Last week, Counterpoint Research said the global market for folding smartphones grew 49% in the first quarter of this year, with Huawei at the forefront (Huawei’s shipments of such devices were up 257% year on year.) And according to new data from the market intelligence firm TrendForce, 17.8 million foldable phones will be shipped this year.

That’s pretty impressive, but it’s also still only 1.5% of the smartphone market. However, TrendForce expects the form factor to command 4.8% by 2028, partly due to falling prices—2019’s Samsung Galaxy Fold cost a cough-worthy $1,980, but ZTE’s Nubia brand is now selling a folding phone in Japan for just $499.

Samsung is still projected to have the lion’s share of the folding phone market this year, but the Korean giant is a less dominant beast in this sub-sector than it once was, with its name on just 50.4% of shipments, down from over 80% just a couple years ago.

TrendForce has Huawei boosting its market share from 12% last year to over 30% in 2024, followed by Motorola with 6%, then a bunch of other Chinese brands. The scale of Huawei’s jump would supposedly be aided by the launch of a rumored “tri-fold” phone, which somewhat reminds me of The Onion’s profane yet prescient “Five Blades” article from a couple decades back—still the best takedown of the corporate “more is more” attitude.

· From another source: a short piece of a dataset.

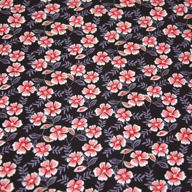 Il Tessuto in Viscosa Print – Summer Night Flowers estivi è una scelta meravigliosa per i tuoi progetti di cucito primaverili o estivi. Questo tessuto in viscosa presenta un’incantevole stampa di fiori rosa su sfondo scuro, aggiungendo un tocco romantico ed elegante ai tuoi capi.

And then there’s Apple’s so-called iPhone Flip, which rumormongers have been predicting for a good seven years now. The Information reported earlier this year that Cupertino has not one but two foldable iPhone prototypes knocking around. If it comes to (pardon the pun) fruition, Apple’s entry “could significantly shift market dynamics,” TrendForce’s analysts noted.

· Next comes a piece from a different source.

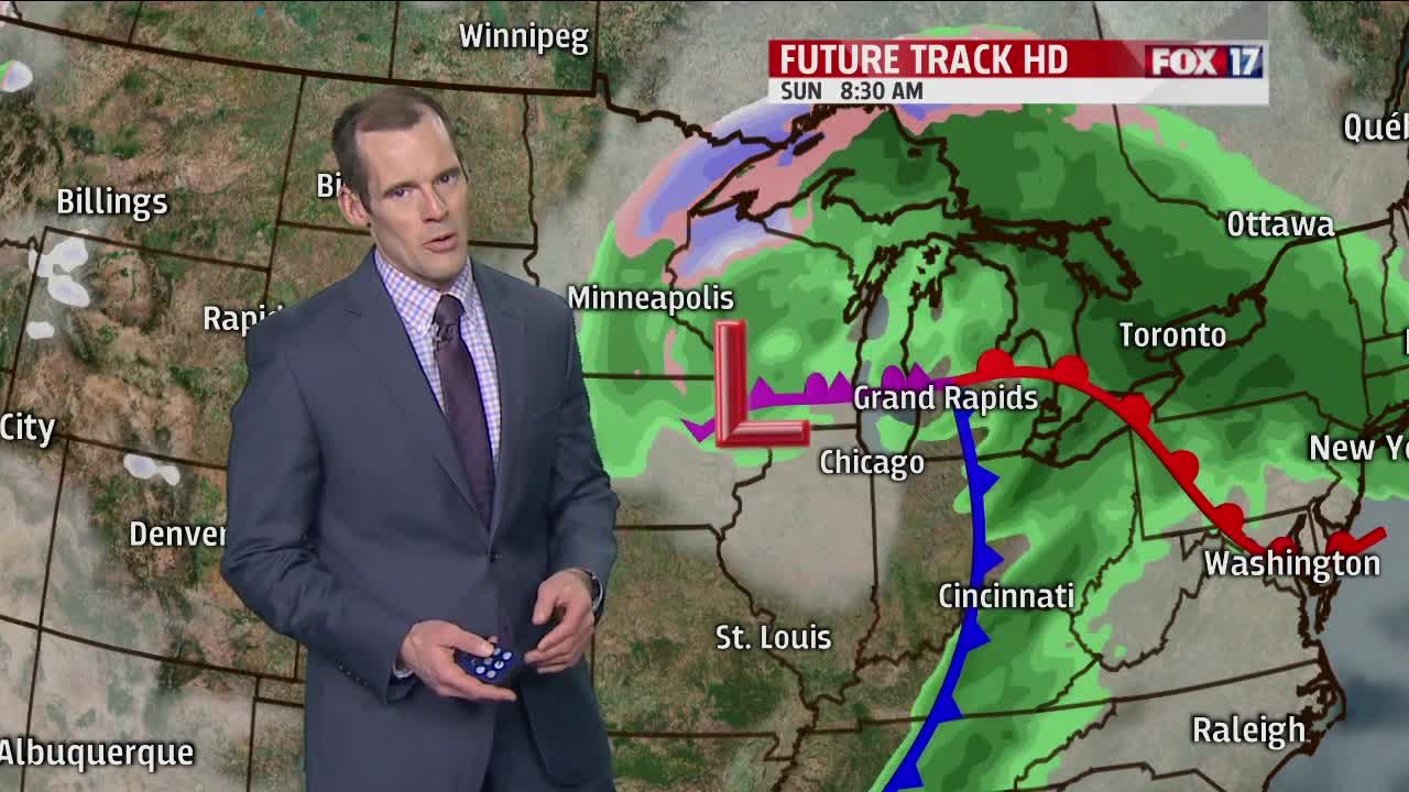 WEST MICHIGAN — The forecast from FOX17 Meteorologist Ty Shesky: Clouds will quickly thicken this evening and showers will develop ahead of an approaching warm front and associated area of low pressure in the central Plains. This front will continue to reside to our south on Saturday, keeping showers possible with some rumbles of thunder possible. As this warm front clears at least the southern third of the forecast area on Saturday night, temperatures will continue to climb and it could be unstable enough for a few strong to severe storms. The best chance of that will be along I-94 and points south. A cold front will clear the area in the wee hours of the morning on Sunday resulting in a windy, cooler, and showery second half of the weekend.

Personally, I think Apple has plenty on its plate without trying to belatedly enter yet another market that’s taken off despite its lack of presence—see: generative AI—but what do I know? I thought foldable phones were a bust and that’s clearly not the case, even if, as TrendForce points out, their repair rates are relatively high.

But I’m keen to know what you all think. Have you bought a foldable phone or would you consider doing so? What were your experiences with the form factor? And do you think Apple is likely to dive into the field? Drop me an email here.

More news below.

David Meyer

Want to send thoughts or suggestions to Data Sheet? Drop a line here.

NEWSWORTHY

Biden vetoes crypto resolution. President Joe Biden has (as he said he would) vetoed a congressional resolution that slammed the Securities and Exchange Commission for its guidance telling banks to treat crypto assets as liabilities. As Reuters reports, the agency says this guidance is needed to protect investors, and Biden’s take is that the “Republican-led resolution would inappropriately constrain the SEC’s ability to set forth appropriate guardrails and address future issues.”

Trump joins TikTok. Former President Donald Trump has joined TikTok, the platform he famously tried to ban once upon a time. His account launched Saturday night with a post showing him at an Ultimate Fighting Championship match, the New York Times reports. It had already amassed 3.5 million followers at the time of writing on Monday.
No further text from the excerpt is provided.